黄龙,杨媛,王庆军,郭飞,高勇(西安理工大学自动化与信息工程学院, 西安 710048;西安中车永电电气有限公司, 西安 710018)
目的 视觉假体通过向盲人体内植入电极刺激视神经产生光幻视，盲人所能感受到的物体只是大体轮廓，对物体识别率低，针对视觉假体中室内应用场景的特点，提出一种快速卷积神经网络图像分割方法对室内场景图像进行分割，通过图像分割技术把物品大致的位置和轮廓显示出来，辅助盲人识别。方法 构建了用于室内场景图像分割的FFCN（fast fully convolutional networks）网络，通过层间融合的方法，避免连续卷积对图像特征信息的损失。为了验证网络的有效性，创建了室内环境中的基本生活物品数据集（以下简称XAUT数据集），在原图上通过灰度标记每个物品的类别，然后附加一张颜色表把灰度图映射成伪彩色图作为语义标签。采用XAUT数据集在Caffe（convolutional architecture for fast feature embedding）框架下对FFCN网络进行训练，得到适应于盲人视觉假体的室内场景分割模型。同时，为了对比模型的有效性，对传统的多尺度融合方法FCN-8s、FCN-16s、FCN-32s等进行结构微调，并采用该数据集进行训练得到适用于室内场景分割的相应算法模型。结果 各类网络的像素识别精度都达到了85%以上，均交并比（MIU）均达到60%以上，其中FCN-8s at-once网络的均交并比最高，达到70.4%，但其分割速度仅为FFCN的1/5。在其他各类指标相差不大的前提下，FFCN快速分割卷积神经网络上平均分割速度达到40帧/s。结论 本文提出的FFCN卷积神经网络可以有效利用多层卷积提取图像信息，避免亮度、颜色、纹理等底层信息的影响，通过尺度融合技术可以很好地避免图像特征信息在网络卷积和池化中的损失，相比于其他FCN网络具有更快的速度，有利于提高图像预处理的实时性。

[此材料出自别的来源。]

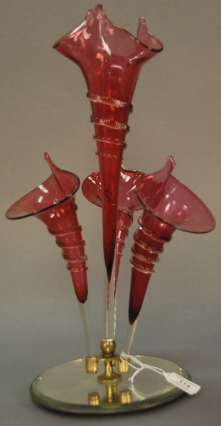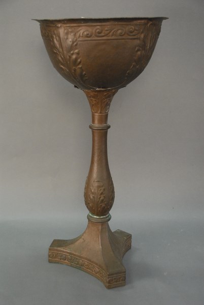 Friedell hand hammered copper floor urn with leaf designs on cup form top set on related shaft on three sided base unsigned attributed to Friedell Pasadena. ht. 33in. dia. 16 3/4in.
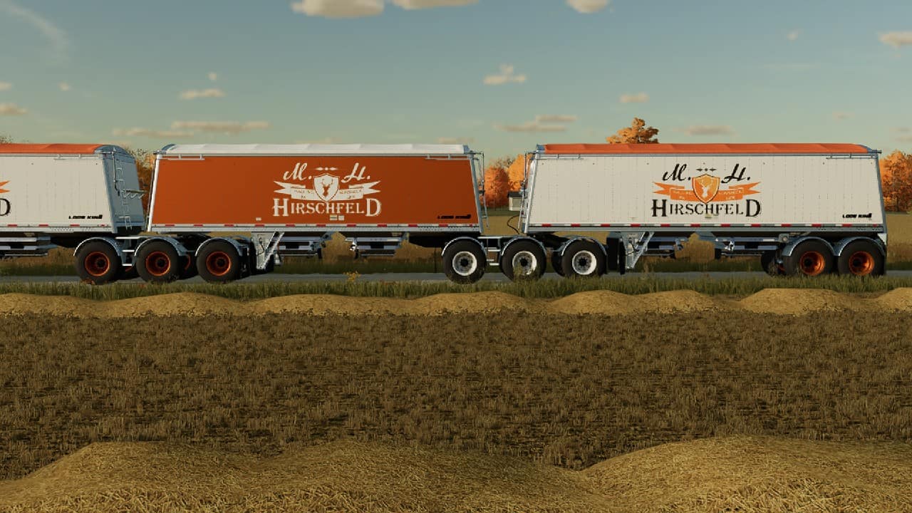 The LS22 Mod by [HIP] Patrick brings the first Hirschfeld Hauling Roadtrain to the Farming Simulator 22. This trailer set is completely available in the shop and can even be extended. The divided granaries give enough opportunities to set off with different content.
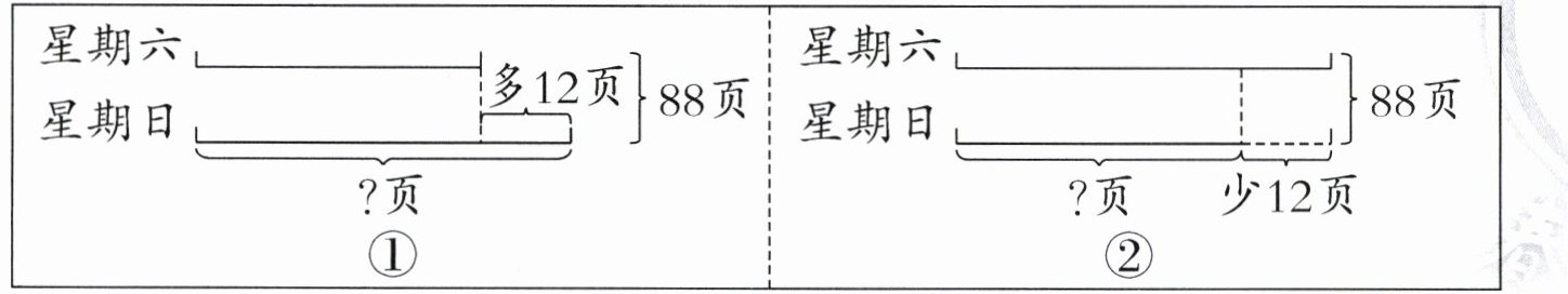 (2) $(88 + 12)÷2 = 50$ (页) 【提示】先把星期日多读的 12 页加上,此时两天读的页数一样多,总数就变为 $88 + 12 = 100$ (页),这 100 页是星期日读的页数的 2 倍,所以星期日读的页数是 $100÷2 = 50$ (页)。

Indoor scene segmentation based on fully convolutional neural networks
Huang Long,Yang Yuan,Wang Qingjun,Guo Fei,Gao Yong(Xi'an University of Technology, Xi'an 710048, China;CRCC Corporation Limited Xi'an Yonge Electric Co. Ltd., Xi'an 710018, China)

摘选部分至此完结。